Later that night I sent Roxanne a thank you email—it seemed like the only polite thing to do—and listened to the tape, expecting to hear from Ben bright and early. I felt optimistic because we had been in and out of contact, naturally. Surely, these angels moved quickly, they just needed to be set in motion. When morning passed at a beyond crawling pace with no call, I grew impatient. Maybe I needed a second opinion? I mindlessly Googled “psychic” and found a site called AskNow that was offering $1 a minute introductory calls. I called the 1-800 number and was directed to a psychic named Paul, all from under the white tent I had created with my comforter. Paul was more direct than Roxanne, asking from the get go, “Do you want to know about love or money? “Love,” I responded. Paul then proceeded to ask what happened, and I started going through the minutiae of the breakup and our following arguments about our future when an operator came on and asked if I wanted to buy more minutes. I did. I hadn’t even heard Paul’s prediction yet. $64.87 later, he said I would hear from Ben by nightfall.

At 11:53 pm, an email from Ben arrived! Paul was right, but it concluded with, “I know I have left you with questions and for that I am sorry…I know that I’ve hurt you and I am continuing to hurt you. I, too, am just following what my head and heart tell me I need and I am grateful that you are allowing me the freedom and peace to do so…” Freedom and peace to do so? His open-ended words practically said nothing. Were we going to get back together or not? I had to know, so I called Paul back. $49.90 later, Paul said to give it a week.

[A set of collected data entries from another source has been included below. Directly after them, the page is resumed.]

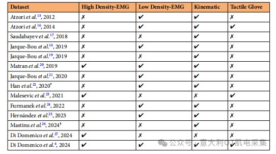 當(dāng)前公開的數(shù)據(jù)集多集中于單一或兩種信號類型,缺乏同時包含高密度肌電(HD-sEMG)、雙極肌電、運動捕捉(MoCap)、傳感器手套(包括彎曲與觸覺數(shù)據(jù))的多模態(tài)數(shù)據(jù)集(見表1)。這種數(shù)據(jù)缺失限制了多源信息融合方法的研究,尤其是在假肢控制領(lǐng)域中,如何融合多種信號以提高控制精度和魯棒性仍是一個挑戰(zhàn)。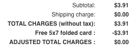 Hallmark is offering a free personalized paper card, and they’ll even ship it for you free USPS First Class. Just register for a free account, choose and customize the card you like, and check out using the promotional code is CARD4MOM. You should see the following: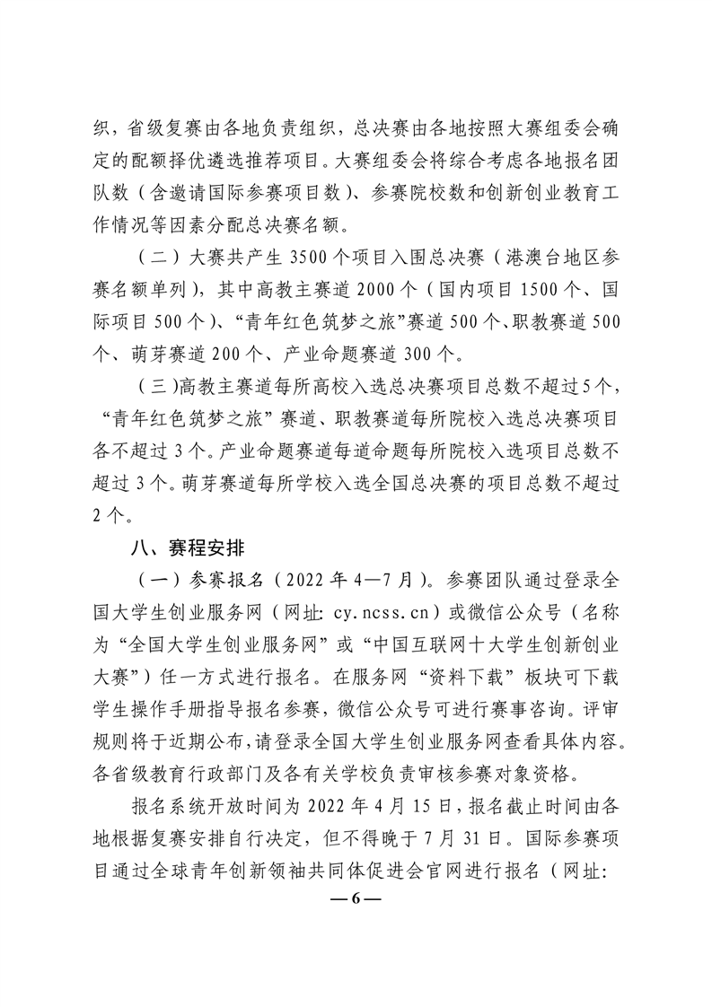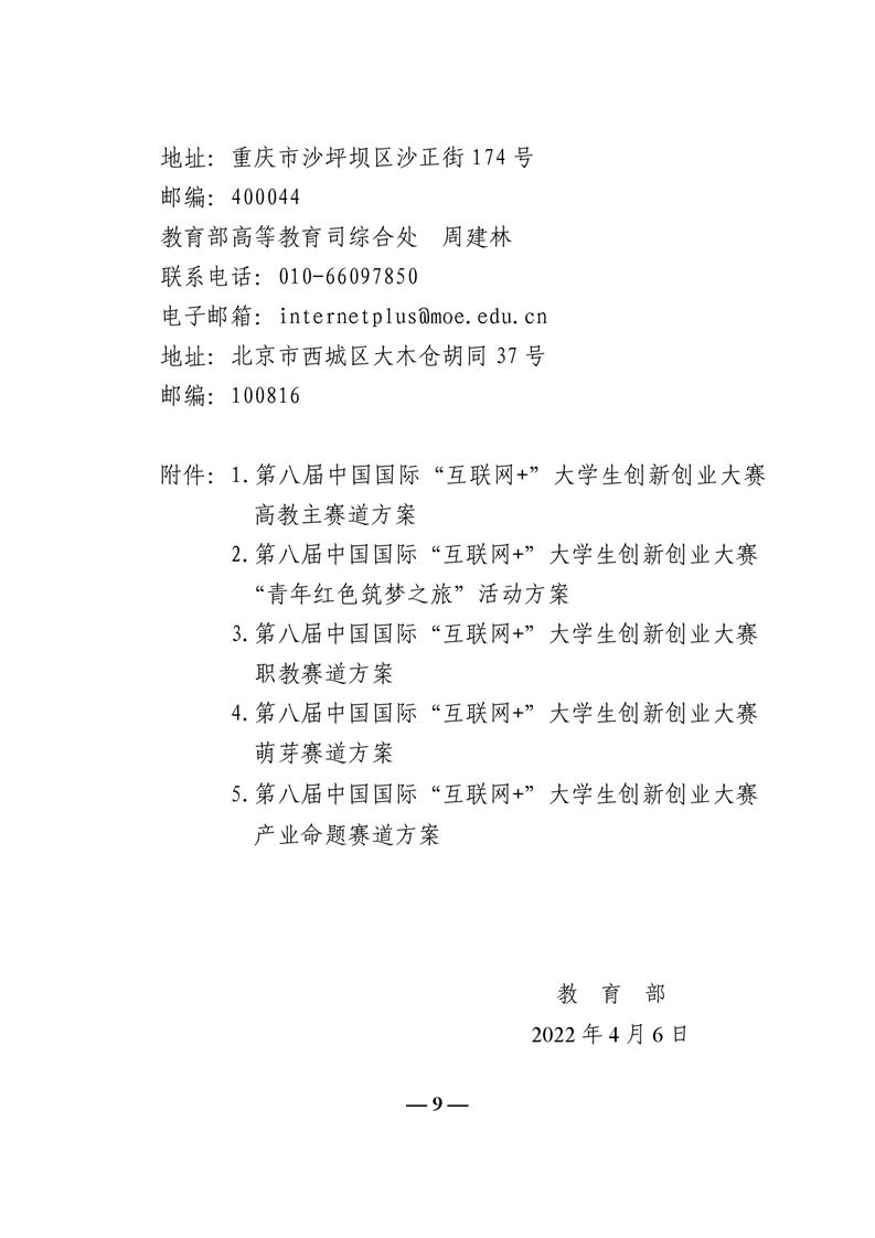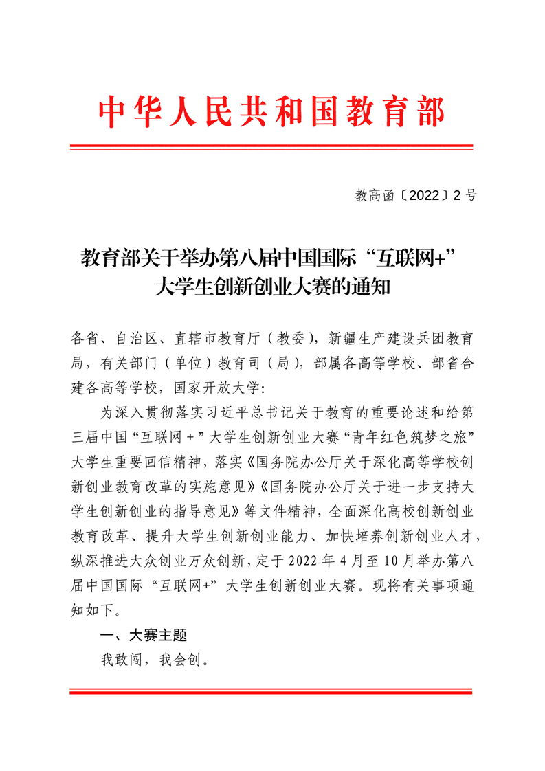 教育部关于举办第八届中国国际“互联网+”大学生创新创业大赛的通知 (教高函[2022]2号)

I wish I could say that I waited a week or that my nearly $260 clairvoyant spending spree was a 24-hour lapse in judgement, but it wasn’t. In fact, it lasted nearly a year and I’m embarrassed to say, several thousands of dollars on a nonexistent salary. Asides from regular visits with Roxanne and calls with Paul or basically anyone from Ask Now, there was Frank, who allegedly worked with Princess Grace and New York City whistleblower Frank Serpico, and Mark, a palm reading wizard with a silver pony tail. Each had their own strange tactics, but while the answers generally pointed to yes, Ben and I would reconcile, there was no sense of when.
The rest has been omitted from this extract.